Homily – Fr. Michael Casagram – 6/24/23 – What do you suppose that I am?

+WHAT DO YOU SUPPOSE THAT I AM?          St John the Baptist, 2023

These words from the Acts of the Apostles are from John the Baptist as he is completing his course, coming to the close of his life. His disciples are wondering if he is the long awaited Messiah and he assures them that he is not, but that there is one coming after him whose sandals he is unworthy to unfasten. Celebrating the birth of John the Baptist helps us all to prepare the way for the long awaited one, helps us to have an inner disposition that allows the Lord Jesus to draw ever nearer to each of our lives.

We live in a world of immense change due to technology, social unrest, war, climate warming, poverty, the migration of millions of people. We just heard of how Isaiah, and later John the Baptist, were called from their mothers’ wombs. If any of us gathered here, were to reflect carefully, he or she would realize this calling has ever been present in our lives. Even if not born into a Christian or Catholic family, God has touched our lives at a critical moment, left us with a lasting sense of being chosen, being a part of a people that is God’s very own.

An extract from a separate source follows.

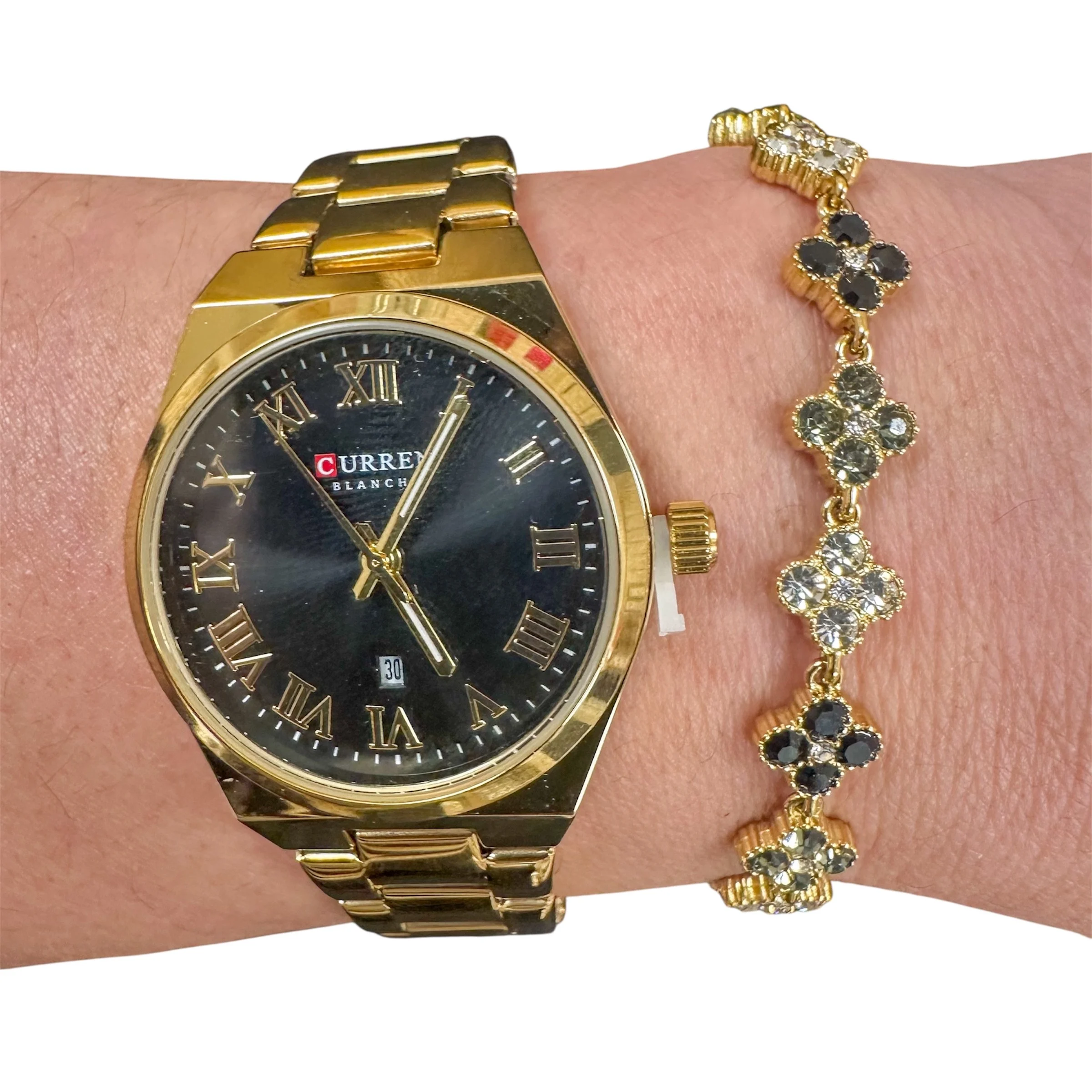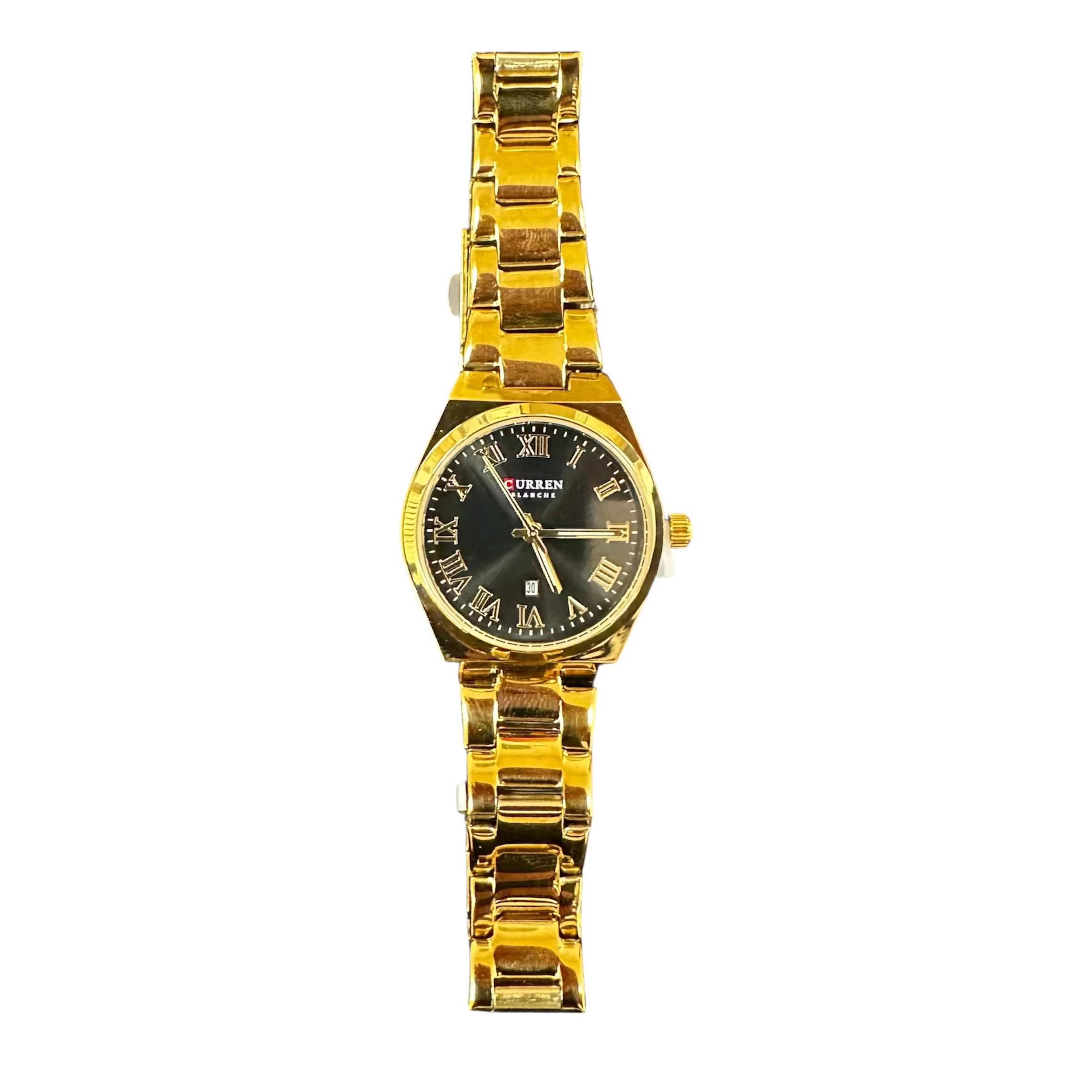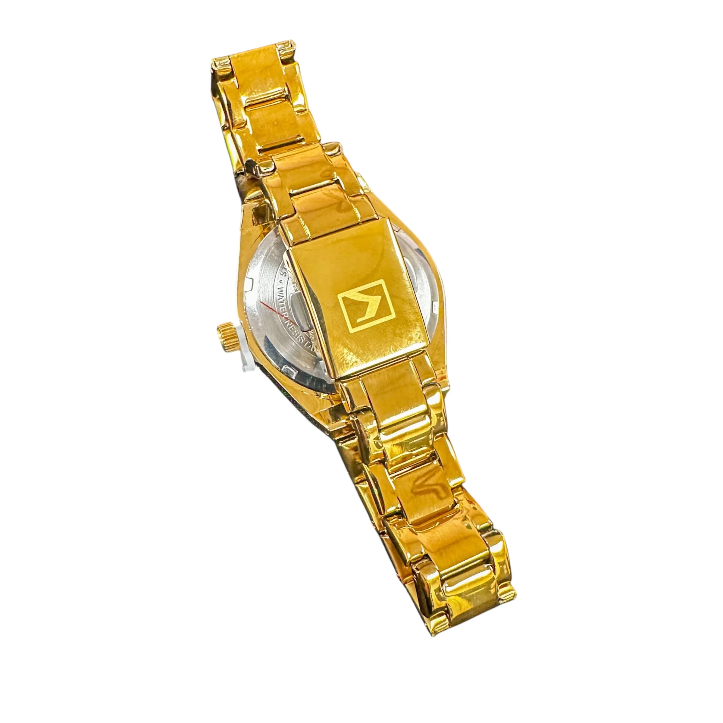 La montre bracelet chic se distingue par sa finition entièrement dorée, à la fois élégante et chaleureuse. Le bracelet, le boîtier, les chiffres et les aiguilles sont tous réalisés dans une teinte dorée lumineuse, offrant une harmonie parfaite à l’ensemble. Cette couleur apporte une touche précieuse sans être excessive, idéale pour celles qui aiment les accessoires élégants et féminins.

As monks, every day we sing the Bendictus, Zachariah’s song of thanksgiving. “Blessed be the Lord, the God of Israel who has visited his people and raised up for us a mighty Savior.”  Our Savior leaves indelible marks on our lives. No kind word, no act of real love, act of real kindness can ever be forgotten by the one who gave rise to it in the depths of our hearts as long as we are willing to acknowledge the source, acknowledge the God who has visited each of us.

We too at times, like Isaiah, feel that we have toiled in vain, that our strength has been spent especially as we grow older and yet in faith we know that our “recompense is with our God.” This is certainly what Elizabeth and her husband Zachariah must have felt when both, beyond the age for doing so, were told they would bear a son and that he was to be called John. This event has an ongoing message for our own time.

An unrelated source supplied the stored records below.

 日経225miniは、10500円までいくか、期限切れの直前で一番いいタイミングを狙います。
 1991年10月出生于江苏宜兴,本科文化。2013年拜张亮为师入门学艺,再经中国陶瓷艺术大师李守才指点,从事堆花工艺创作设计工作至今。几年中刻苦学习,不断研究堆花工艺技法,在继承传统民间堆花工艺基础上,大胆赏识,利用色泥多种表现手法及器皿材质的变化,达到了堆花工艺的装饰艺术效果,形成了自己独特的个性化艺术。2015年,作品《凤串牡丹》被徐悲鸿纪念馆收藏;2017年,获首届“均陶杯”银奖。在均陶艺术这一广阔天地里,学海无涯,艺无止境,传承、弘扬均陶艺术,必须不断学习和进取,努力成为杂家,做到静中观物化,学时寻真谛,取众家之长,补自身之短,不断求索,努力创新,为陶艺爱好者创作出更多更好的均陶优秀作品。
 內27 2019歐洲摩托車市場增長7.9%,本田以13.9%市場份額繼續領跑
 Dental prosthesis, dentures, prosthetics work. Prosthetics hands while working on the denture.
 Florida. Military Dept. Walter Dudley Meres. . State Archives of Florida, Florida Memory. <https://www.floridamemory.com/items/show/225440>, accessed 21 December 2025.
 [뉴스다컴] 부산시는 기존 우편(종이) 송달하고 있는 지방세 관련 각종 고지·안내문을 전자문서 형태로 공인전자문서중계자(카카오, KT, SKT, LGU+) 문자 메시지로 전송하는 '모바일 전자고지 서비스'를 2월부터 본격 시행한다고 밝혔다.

We are constantly being brought into that awareness of how fragile we are, of how our human efforts fall short of God’s divine plan. We have our schedules, our agendas but then our lives take a turn we never expected. Certainly this took place with the Titan sub this past week, that was visiting the ruins of the Titanic.

We are faced with an unfolding different than planned, we are faced with an horizon wider than our own. We can retreat, hide behind our familiar ways of seeing and doing things or move into a fresh vision of the world around us. Growth in any of our lives depends on our ability to expand our consciousness, a willingness to enter into a divine view of what is really going on.

When we do, we are like Zachariah unable to speak writing on a tablet: “John is this name,” and all were amazed. Immediately his mouth was opened, his tongue freed, and he spoke blessing God.” Our limited grasp of what is taking place is freed and we know that the hand of the Lord is guiding us into the fullness of life and love.

Only with the eyes of faith, hope and love do we begin to fully grasp what is unfolding all day long and at this altar. It is all summarized in the Holy Eucharist we celebrate. Here we are given, under the appearance of bread and wine, the very Body and Blood of our glorified Savior. Here we are made sharers in God’s very own divine life. Here are fulfilled those beautiful words of Zachariah, the tender compassion of our God, the dawn from on high breaking upon us.